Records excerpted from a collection

· · ·

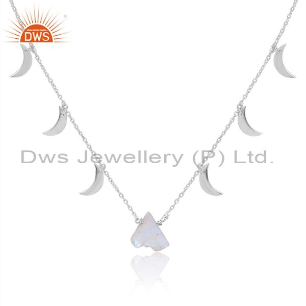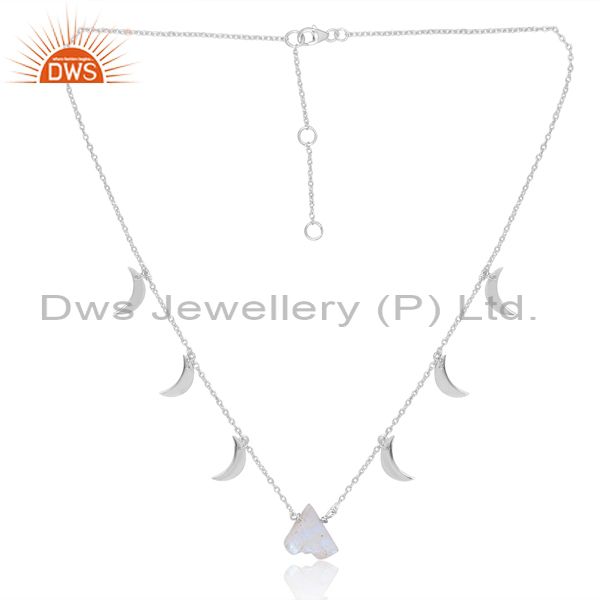 Rough Rainbow Moonstone Sterling Silver Pendant & Necklace
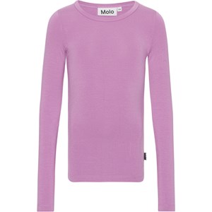 Lila Langarmshirt. Dieses Shirt ist aus 100% Viskose-Jersey, wodurch es weich und angenehm zu tragen ist. Es hat einen Rundhalsausschnitt und eine schmale Passform. Das perfekte Shirt, das wahlweise mit Strick, Sweat oder Jacke oder einfach solo gestylt werden kann.
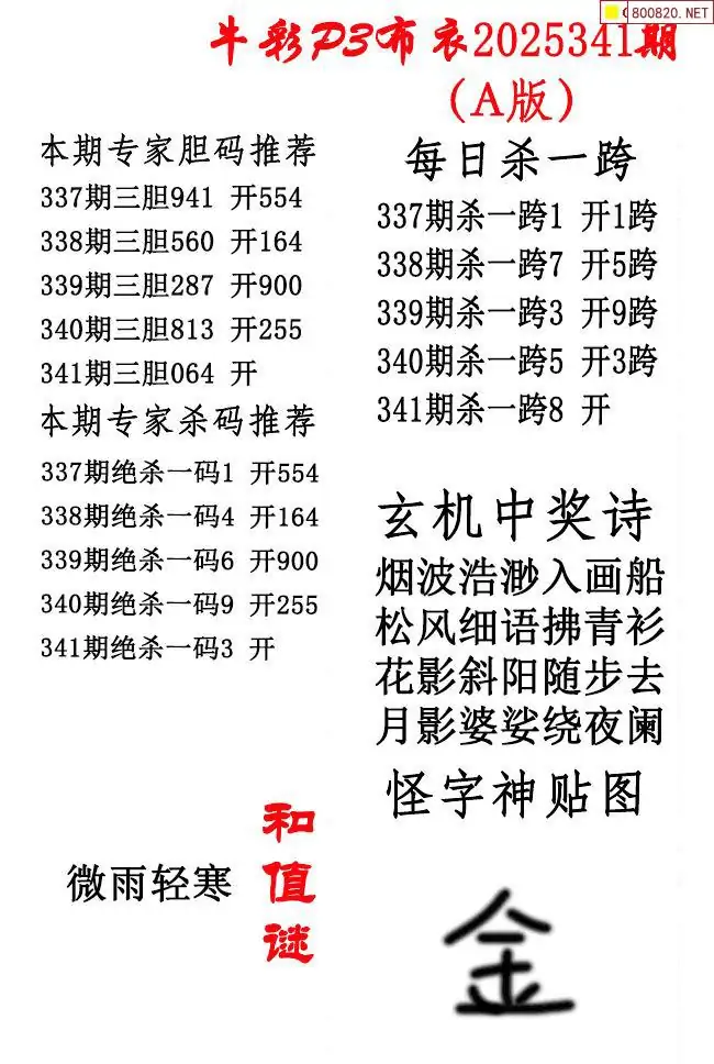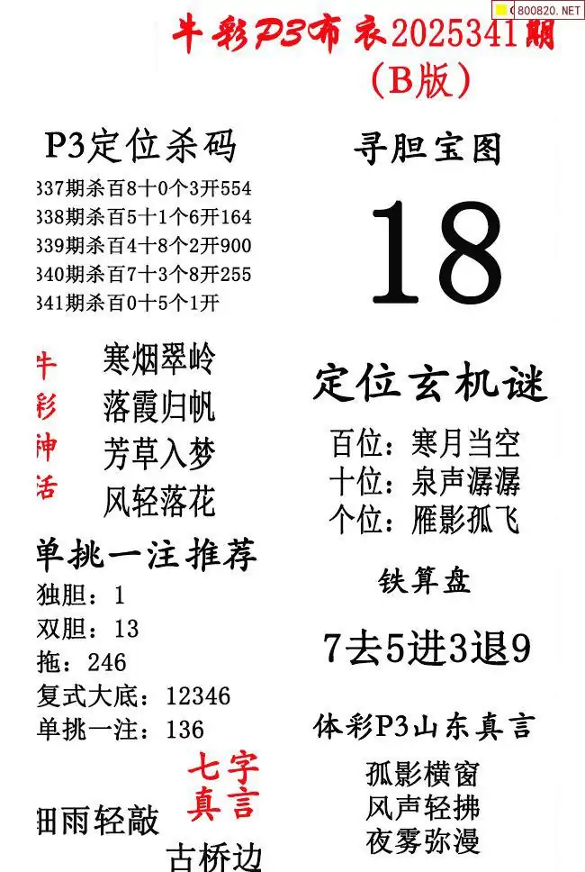牛彩体彩P3布衣2025年341期AB版图谜(精华版)
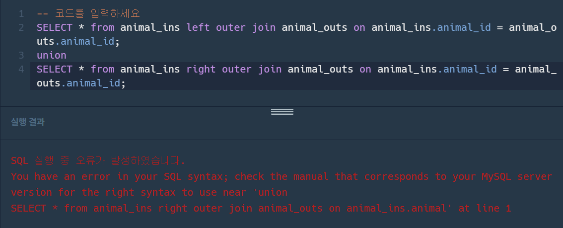 SQL 코딩테스트 보는데 당황했던 것이 LEFT OUTER JOIN, RIGHT OUTER JOIN은 되는데
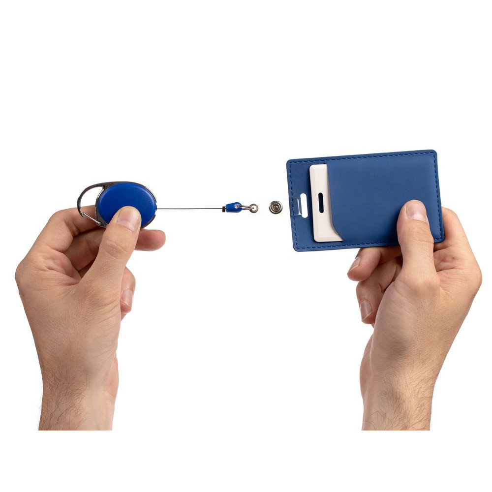 Ретрактор крепится к одежде с помощью карабина, а с другой стороны можно поместить бейдж, визитку или магнитную карту. В корпусе спрятан сворачивающийся шнур, который позволяет при необходимости демонстрировать содержимое держателя, не снимая его.

· · ·

Instructions to follow: Only an exact copy of the entries, with no pictures, is expected as the answer.

Exercise solution:
 Rough Rainbow Moonstone Sterling Silver Pendant & Necklace
 Lila Langarmshirt. Dieses Shirt ist aus 100% Viskose-Jersey, wodurch es weich und angenehm zu tragen ist. Es hat einen Rundhalsausschnitt und eine schmale Passform. Das perfekte Shirt, das wahlweise mit Strick, Sweat oder Jacke oder einfach solo gestylt werden kann.
牛彩体彩P3布衣2025年341期AB版图谜(精华版)
 SQL 코딩테스트 보는데 당황했던 것이 LEFT OUTER JOIN, RIGHT OUTER JOIN은 되는데
 Ретрактор крепится к одежде с помощью карабина, а с другой стороны можно поместить бейдж, визитку или магнитную карту. В корпусе спрятан сворачивающийся шнур, который позволяет при необходимости демонстрировать содержимое держателя, не снимая его.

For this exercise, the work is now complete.